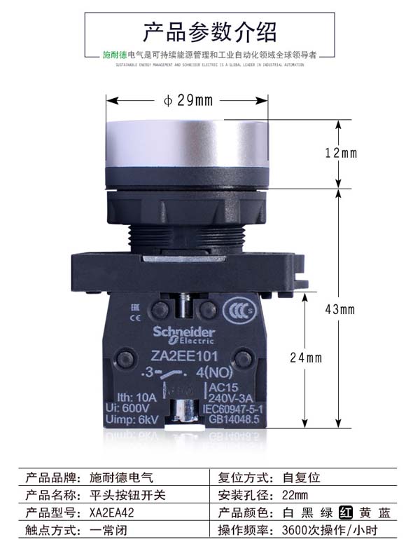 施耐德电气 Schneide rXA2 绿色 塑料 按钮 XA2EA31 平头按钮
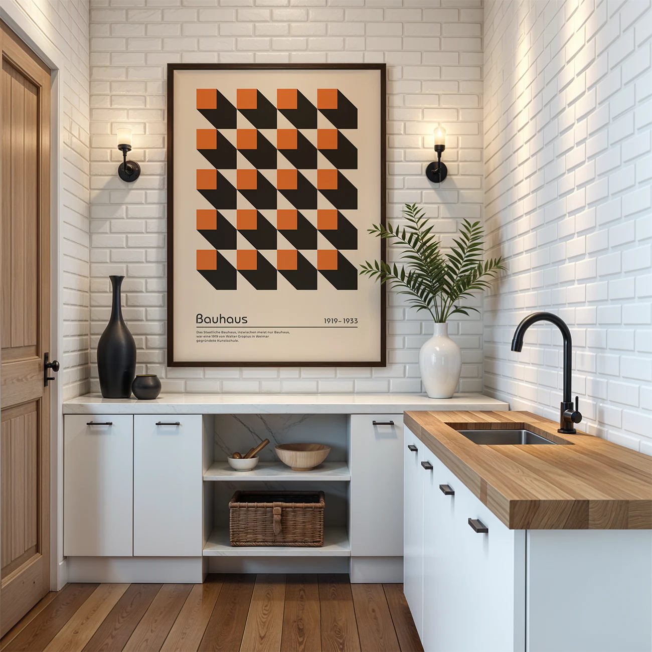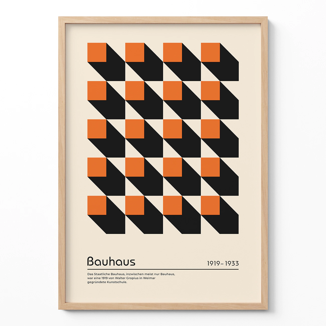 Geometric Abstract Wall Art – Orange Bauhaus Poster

...

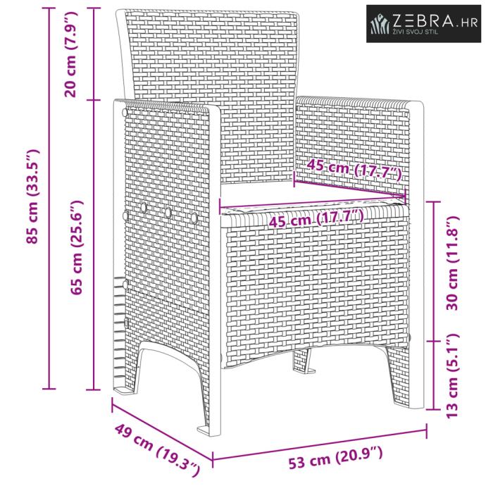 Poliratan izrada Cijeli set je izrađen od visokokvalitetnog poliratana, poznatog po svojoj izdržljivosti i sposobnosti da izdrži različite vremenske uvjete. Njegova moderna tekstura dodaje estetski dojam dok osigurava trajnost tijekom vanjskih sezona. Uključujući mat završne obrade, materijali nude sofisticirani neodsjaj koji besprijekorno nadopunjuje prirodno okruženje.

---

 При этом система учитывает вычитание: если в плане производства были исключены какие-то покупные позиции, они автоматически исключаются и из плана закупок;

WORK REQUEST: Would you please repeat only the lines above, beginning at the one that has "施耐德电气 Schneide rXA2 绿色 塑料 按钮 XA2EA31 平头按钮" and stopping after the one that has "Geometric Abstract Wall", exactly and with no pictures?

EXPECTED OUTPUT:
 施耐德电气 Schneide rXA2 绿色 塑料 按钮 XA2EA31 平头按钮
 Geometric Abstract Wall Art – Orange Bauhaus Poster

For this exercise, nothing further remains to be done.